Materials provided Start Marker

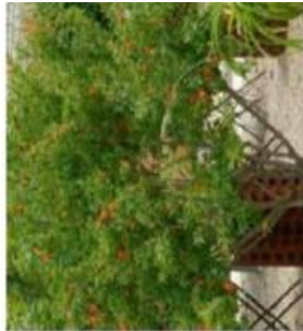
Punica granatum / Grenadier / Persistant
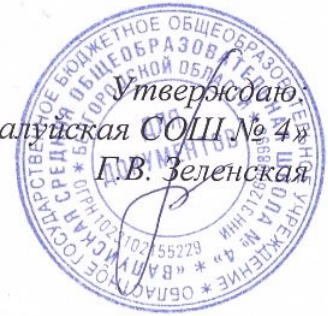
График выдачи продуктовых наборов за сентябрь 2023 года в ОГБОУ «Валуйская СОШ № 4»
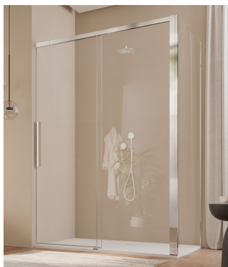
↑ Finition Poli-Brillant
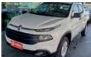
Fiat Toro Freedom flex / 4x2 / aut. / 2018
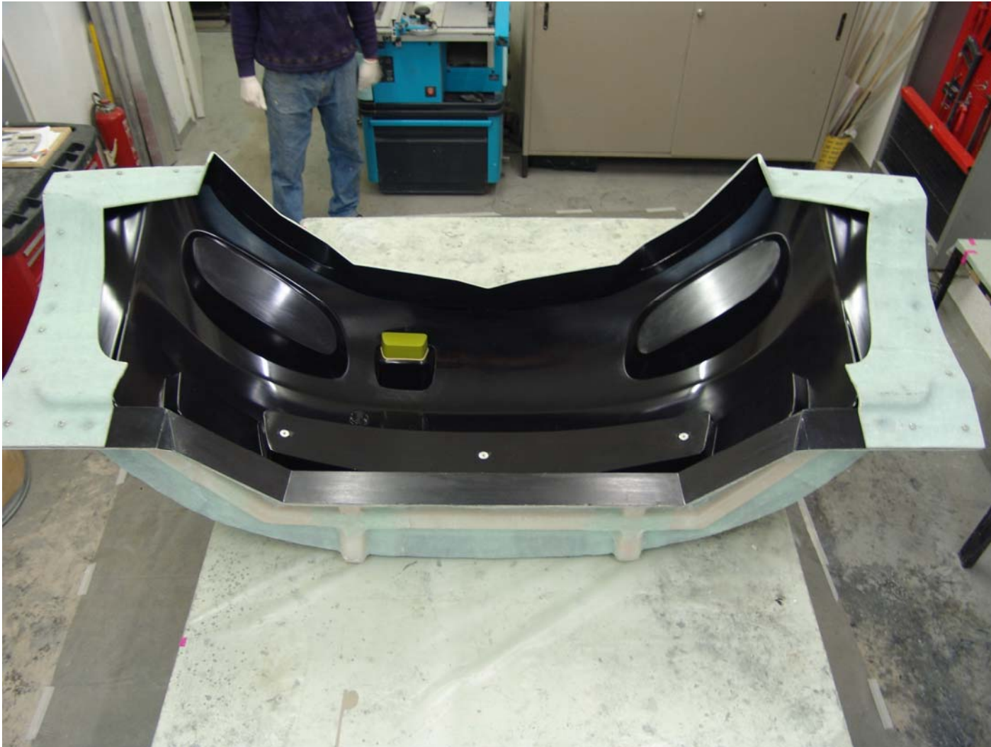
Fertige Form mit integriertem Air-Intake (Lufteinlass).

Materials provided End Marker

**Problem to work on:**
Repeat the listing above in full, exactly, and omit its pictures.

**Answer space:**
Punica granatum / Grenadier / Persistant
График выдачи продуктовых наборов за сентябрь 2023 года в ОГБОУ «Валуйская СОШ № 4»
↑ Finition Poli-Brillant
Fiat Toro Freedom flex / 4x2 / aut. / 2018
Fertige Form mit integriertem Air-Intake (Lufteinlass).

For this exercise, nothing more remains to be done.